Oldham and Sheridan together in last-chance saloon again

Date published: Tuesday 25th January 2022 7:46 - Nathan Spafford

John Sheridan back at Oldham again

If familiarity breeds contempt, nobody passed that memo to John Sheridan and Oldham Athletic, who are set to embark on a fourth permanent and sixth overall tenure together as both man and club look to save their EFL reputation and status.

The Latics are the only one of the 72 EFL clubs who would find positivity in appointing Sheridan given his recent spells as manager of Swindon Town and Wigan Athletic. Such is his high turnover rate, they were just two of the jobs he held in 2020 alone, also taking in stints at Chesterfield and Waterford.

Since his last brief spell in charge at Boundary Park in 2017, Sheridan has been appointed manager of seven clubs, including Saturday evening’s appointment of the Oldham fan favourite once more, making his name something of a mockery in Football League circles.

Oldham fans have become used to being made a mockery of, with Abdallah Lemsagem’s poisonous ownership leaving them on the brink of being the first ex-Premier League club to be relegated out of the Football League. Supporters have tried everything in their power to overcome the troubles in the hierarchy, from pitch invasions to boycotting their beloved Boundary Park completely.

There was something almost romantic – albeit not from Oldham’s view – in one of the EFL’s newest sides Harrogate Town defeating the Greater Manchester side 3-0, prompting the end of Selim Benachour’s ill-fitting caretaker stint. Winless in eight, Oldham are rock bottom in more ways than one and seven points adrift of safety with an inferior goal difference.

For the first time in a long time, Oldham fans have been almost completely united in something other than anger and despair; Sheridan’s appointment brings at least a slither of hope to a club who have become so familiar with well-reasoned pessimism.

Sheridan has twice saved Oldham from relegation in the past, and has experienced almost as much success with the club as all his other posts combined.

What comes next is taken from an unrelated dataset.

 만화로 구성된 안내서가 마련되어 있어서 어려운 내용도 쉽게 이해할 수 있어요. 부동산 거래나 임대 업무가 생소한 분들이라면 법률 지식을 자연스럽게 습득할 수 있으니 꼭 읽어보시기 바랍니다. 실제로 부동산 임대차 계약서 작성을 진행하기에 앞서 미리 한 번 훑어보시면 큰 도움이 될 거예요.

That each time he has returned to the Latics they have been in a worse position on and off the pitch speaks volumes about the trajectory the club has taken since the turn of the 21st century. Only six top-half finishes across the three EFL divisions since their relegation from the Premier League in 1994 have given way to zero 1st-12th place finishes in the last decade.

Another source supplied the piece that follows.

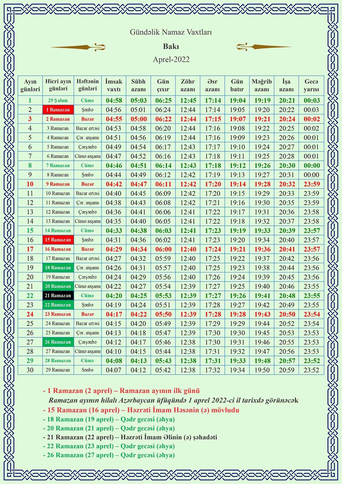 Təqvimə əsasən Ramazan ayı aprelin 2-si başlayacaq.

There is only so long a club can tread water and avoid near-misses before they pay the price. This season has been looking increasingly like being the one where Oldham hit yet another new low. Sheridan has experienced enough of those in his own career, especially since his third full-time stint in charge of Oldham came to an end half a decade ago.

Together, they offer each other just the briefest chance of respite. Knowing one another is their best and perhaps only chance of ‘succeeding’ and is enough to convince some supporters to return to their seats for at least the first game of the new era against local rivals Rochdale.

The collective anger that Oldham fans have against those who run their club is understandable, but few could begrudge them giving their backing to the players and a manager who is more popular in these parts than at any of the other clubs he has managed.

Oldham protests

It is last chance saloon for Sheridan. It is last chance saloon for Oldham. Even with the best of intentions, it may not be enough to overcome the deficiencies brought to the club through the interfering yet frustratingly ignorant ownership.

When a club is run so badly, even the best managers with the best players would struggle to make up for the farce off the pitch. Oldham have neither of those things, and it is why playing in the National League is looking increasingly likely next season, if there is to be a club to support at all. This corner of the country has already lost Bury and Macclesfield Town; there are no guarantees that Oldham will not end up following the same path.

What Sheridan does offer the Latics is a chance to focus on matters on the pitch for at least 90 minutes. Defeat Rochdale in what is a big enough fixture without all this added narrative and the gap to the dreaded dotted line will likely close. Sheridan is almost always successful at Oldham, and while he can’t save the club from its troubles behind the scenes, he is likely the best placed to keep them up on it.

If he can get Oldham out of the bottom two come May, it may be the greatest managerial achievement of his career. It would almost definitely be his greatest achievement with Oldham, and could just potentially be the turning point for a club who have experienced one too many rock-bottom situations.